Registrare una chiamata vocale: quando è lecito e quando invece è reato

POSSO REGISTRARE UNA CHIAMATA?
Oramai i nostri dispositivi elettronici (smartphone “in primis”) sono in grado di effettuare le più disparate operazioni, tra cui, appunto, quella di registrare una conversazione telefonica, tramite l’utilizzo, spesso, di un’applicazione “ad hoc”.
Il dubbio sorge però spontaneo: è possibile registrare una chiamata vocale? Vado incontro a sanzioni di qualsivoglia tipo? La risposta, come sempre, quando si parla di diritto, è: “dipende”!

La Suprema Corte è intervenuta in merito. Nello specifico, la Cassazione (Cass. sent. n. 16886/2007; Cass. sent. del 22.04.1992) si è espressa sulla possibilità di registrare una conversazione tra presenti, affermando che questa è possibile e quindi lecita, a condizione che la stessa non avvenga in un luogo di privata dimora altrui e che ad essa partecipi anche il soggetto che ha intenzione di registrare.
Tali considerazioni sono perfettamente applicabili anche nel caso di registrazioni di chiamate vocali, nonché di videochiamate.
In altre parole, qualora il nostro intento fosse quello di registrare un discorso a cui noi stessi prendiamo parte (purché non ci troviamo in una dimora altrui), potremmo farlo liberamente, anche senza che il nostro interlocutore ne sia al corrente.
La motivazione che fornisce la Corte è molto semplice: registrare una conversazione equivale semplicemente a memorizzare elettronicamente quanto già captato e interiorizzato dal nostro cervello.
Non è lecito, invece, come intuibile, utilizzare microspie o qualsiasi altra strumentazione idonea a captare una conversazione alla quale non si partecipa e in cui non si è presenti, sussistendo, in tale circostanza, una illecita interferenza nell’altrui privacy e nella segretezza della corrispondenza, tutelata a livello costituzionale (art. 15 Cost.).

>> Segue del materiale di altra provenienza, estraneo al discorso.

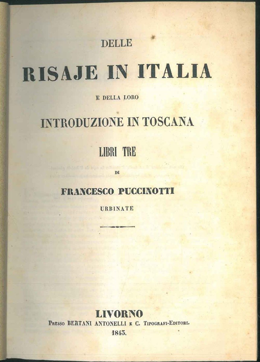 Delle risaje in Italia e della loro introduzione in Toscana. Appendice contenente le memorie dei chiarissimi: Mazzarosa, Bertini e Farini sulle risaje lucchesi, piemontesi, ravennate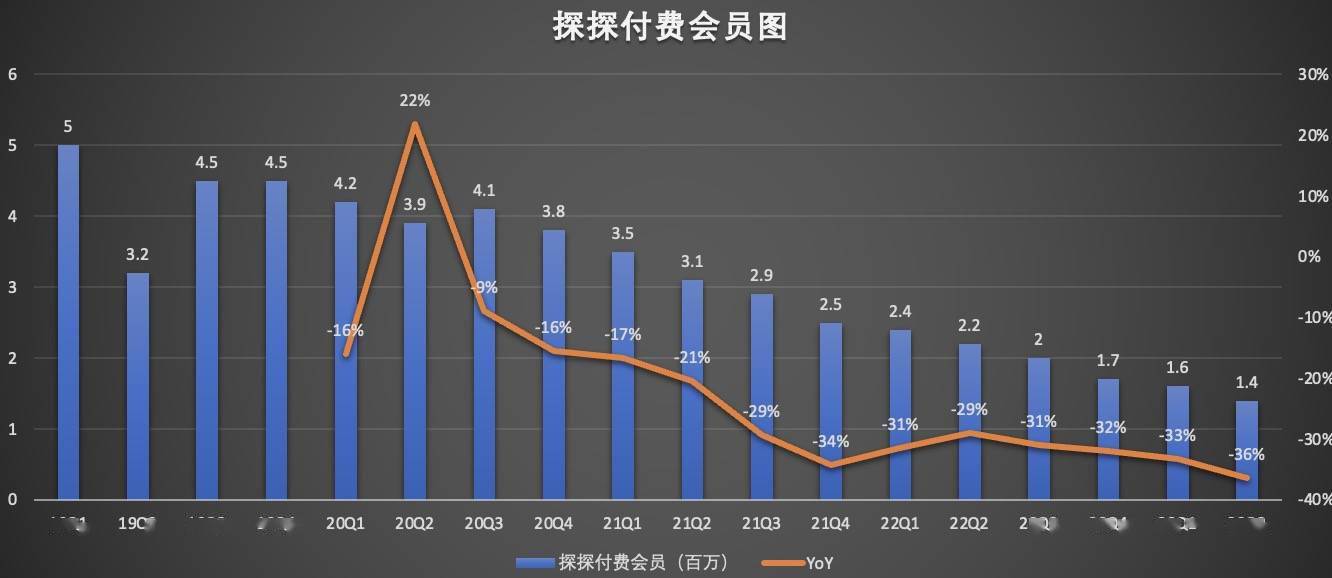 今年二季度,探探的月活用户为1730万,相比去年同期的2480万,净流失750万,与一季度的1950万相比,净流失220万。探探的付费会员为140万,与去年同期的220万相比,净流失80万,与一季度的160万相比,净流失20万。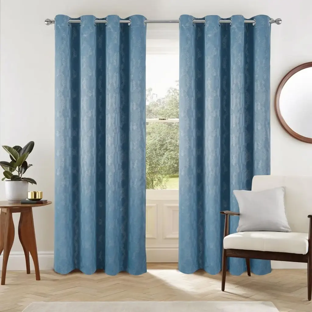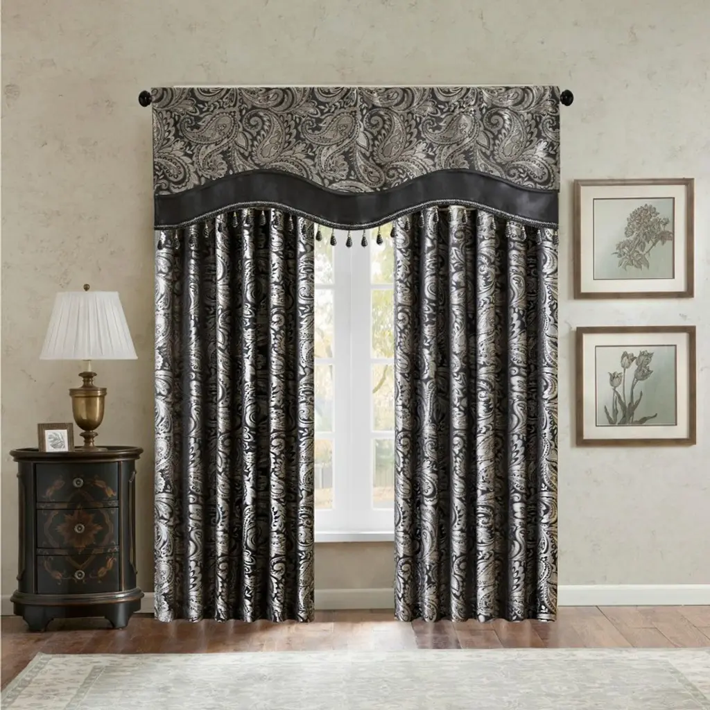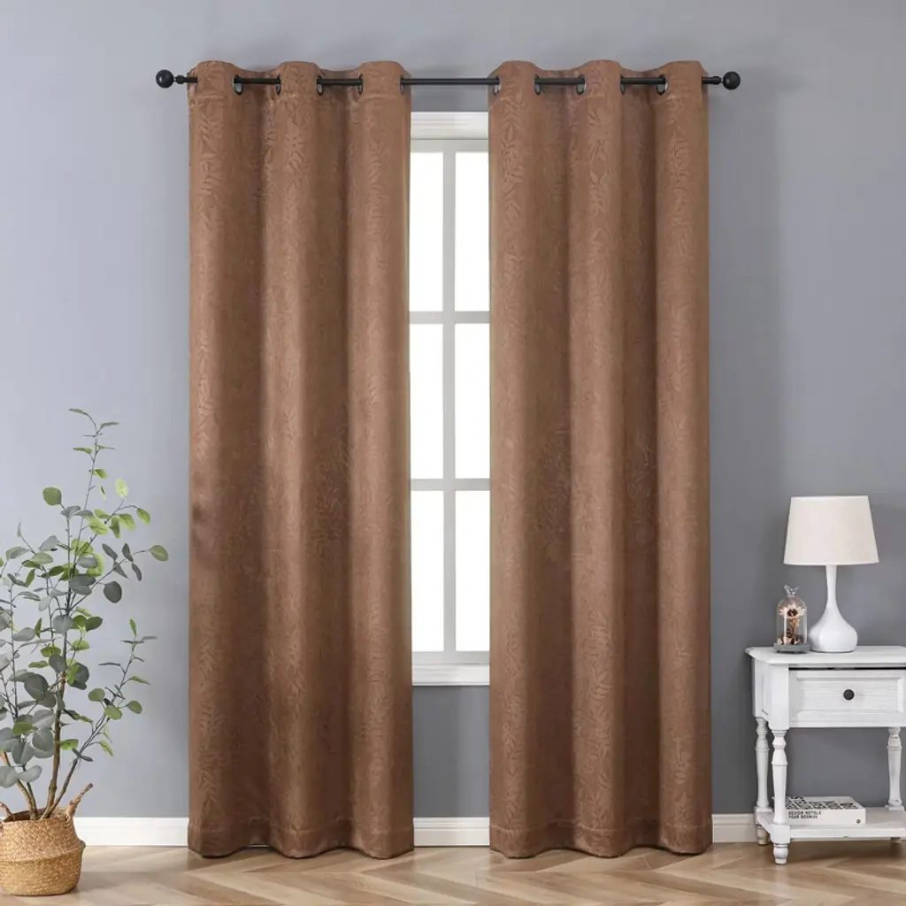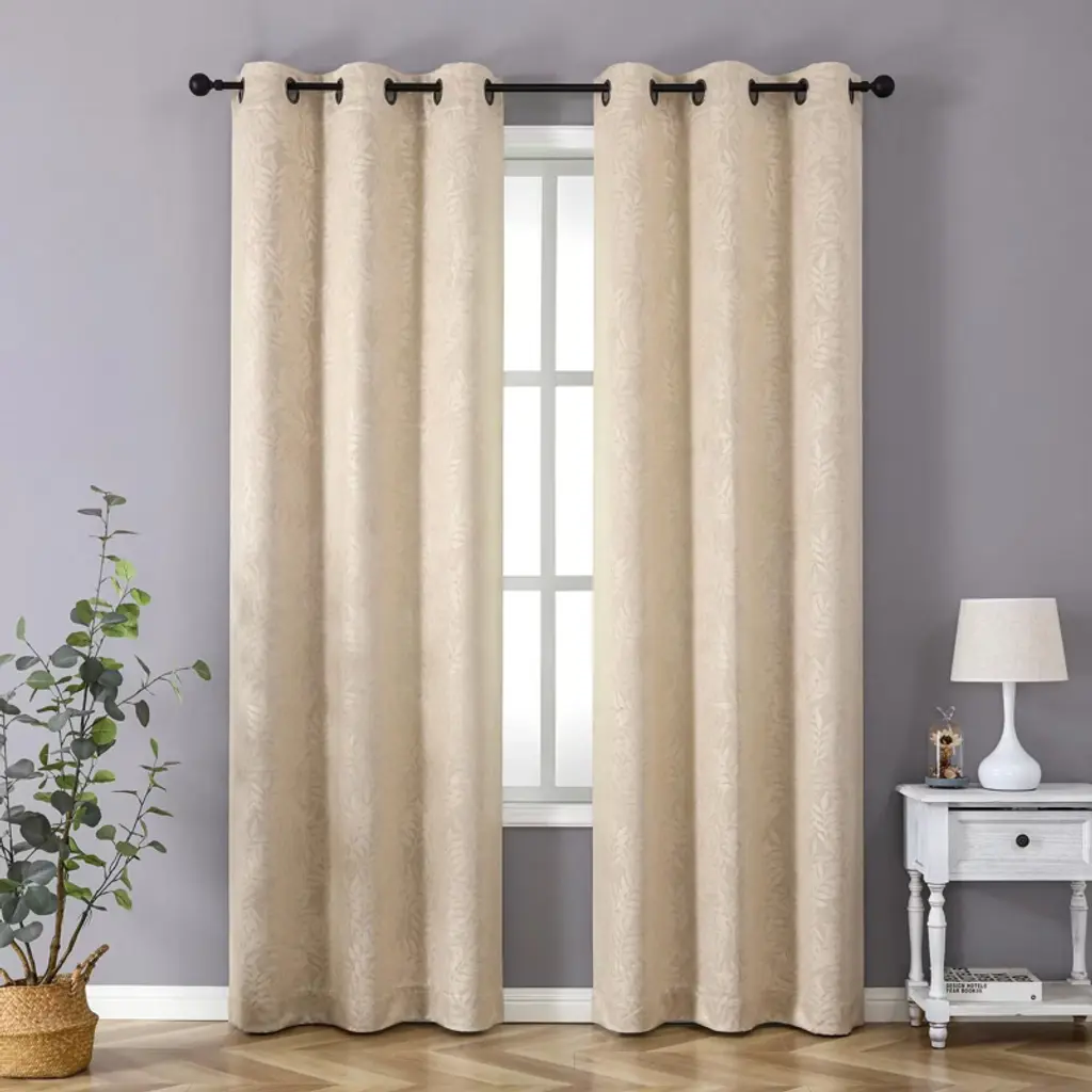 Knitted Jacquard Damask Total Blackout Grommet Top Curtain Panel(only 1 Pc Panel)

Tale ipotesi, infatti, configurerebbe il reato di accesso abusivo ad un sistema informatico, di cui all’art. 615 ter c.p. che punisce Chiunque abusivamente si introduce in un sistema informatico o telematico protetto da misure di sicurezza ovvero vi si mantiene contro la volontà espressa o tacita di chi ha il diritto di escluderlo”.
Naturalmente, in presenza di indagini preliminari a carico di un indagato, le intercettazioni, disposte dal Pubblico Ministero, nei limiti indicati dalla normativa di riferimento, saranno perfettamente lecite.
Ma cosa è possibile fare con la conversazione lecitamente registrata?
“Nulla quaestio” nel caso in cui essa dovesse essere utilizzata per far valere dei propri diritti in sede giudiziaria, non essendoci, in tal caso, alcuna limitazione (purché l’uso sia strettamente funzionale alla tutela giudiziaria). In sostanza, una conversazione registrata (es. minacce da parte di uno stalker) può essere prodotta validamente in giudizio e potrà essere valutata dal Giudice come prova.
Quello che non è assolutamente possibile fare, invece, è divulgare o rendere pubblica (es. sui social) una conversazione avuta con altri ignari interlocutori, anche se legittimamente registrata, perché si rientrerebbe nella casistica di cui all’art. 615 bis c.p. (interferenze illecite nella vita privata altrui).
Riferimenti normativi: Cass. sent. n. 16886/2007; C. App. Milano, sent. n. 1242/2011, Cass. sent. Del 22.04.1992; art. 615 bis e 615 ter c.p.